Aqui, descrevemos e demonstramos um protocolo organoide de 3 etapas (expansão 2D, estimulação 2D e maturação 3D) previamente estabelecido e implementado usando fibroblastos dérmicos humanos adultos normais (NHDFs) disponíveis comercialmente como fonte celular, oferecendo um modelo valioso para estudar a tenogênese in vitro 7. Apesar do fato de que este modelo não é equivalente ao tecido T / L in vivo, ele ainda fornece um sistema mais fisiologicamente relevante que pode ser usado para investigar mecanismos de diferenciação celular, imitando a fisiopatologia T / L in vitro e estabelecendo medicina personalizada T / L e plataformas de triagem de drogas. Além disso, no futuro, os estudos podem avaliar se os organoides 3D são adequados para a engenharia de T/L sem andaimes, otimizando ainda mais, bem como utilizáveis para o desenvolvimento de construções mecanicamente robustas em escala que se assemelham às dimensões e propriedades estruturais e biofísicas dos tecidos T/L nativos.

Protocol

NOTA: Todas as etapas devem ser realizadas por meio de técnicas assépticas. 1. Cultura e pré-expansão dos NHDFs Descongelar rapidamente o frasco criogênico contendo fibroblastos dérmicos humanos normais criopreservados adultos (NHDFs, 1 x 106 células) a 37 ° C até que estejam quase descongelando.
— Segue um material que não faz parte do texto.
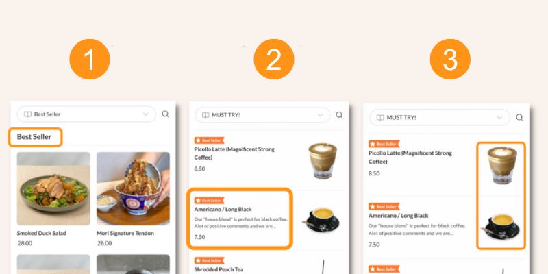 Segmenting your best-selling items or items you want to specifically feature will help to encourage and entice your customers to order those items and optimise your online menu.

Adicione lentamente 1 mL de meio de crescimento de fibroblastos pré-aquecido 2 (kit pronto para uso incluindo meio basal, soro fetal de bezerr…

Representative Results

O modelo organoide 3D T/L foi previamente estabelecido e demonstrado aqui pela implementação de NHDF comprado comercialmente (n=3, 3 organoides por doador, NHDF foram usados nas passagens 5-8). O fluxo de trabalho do modelo está resumido na Figura 1. A Figura 2 mostra imagens representativas de contraste de fase da cultura de NHDF durante a pré-expansão em frascos T-75 (Figura 2A), bem como no início e após 5 dias de cultura …

Discussion

Os resultados demonstrados neste estudo fornecem informações valiosas sobre o estabelecimento e caracterização do modelo organoide 3D NHDF para o estudo de tecidos T/L. O protocolo de 3 etapas levou à formação de organoides 3D semelhantes a bastonetes que exibem características típicas do nicho T / L. Este modelo foi relatado anteriormente em Kroner-Weigl et al. 20237 e demonstrado em grande detalhe aqui.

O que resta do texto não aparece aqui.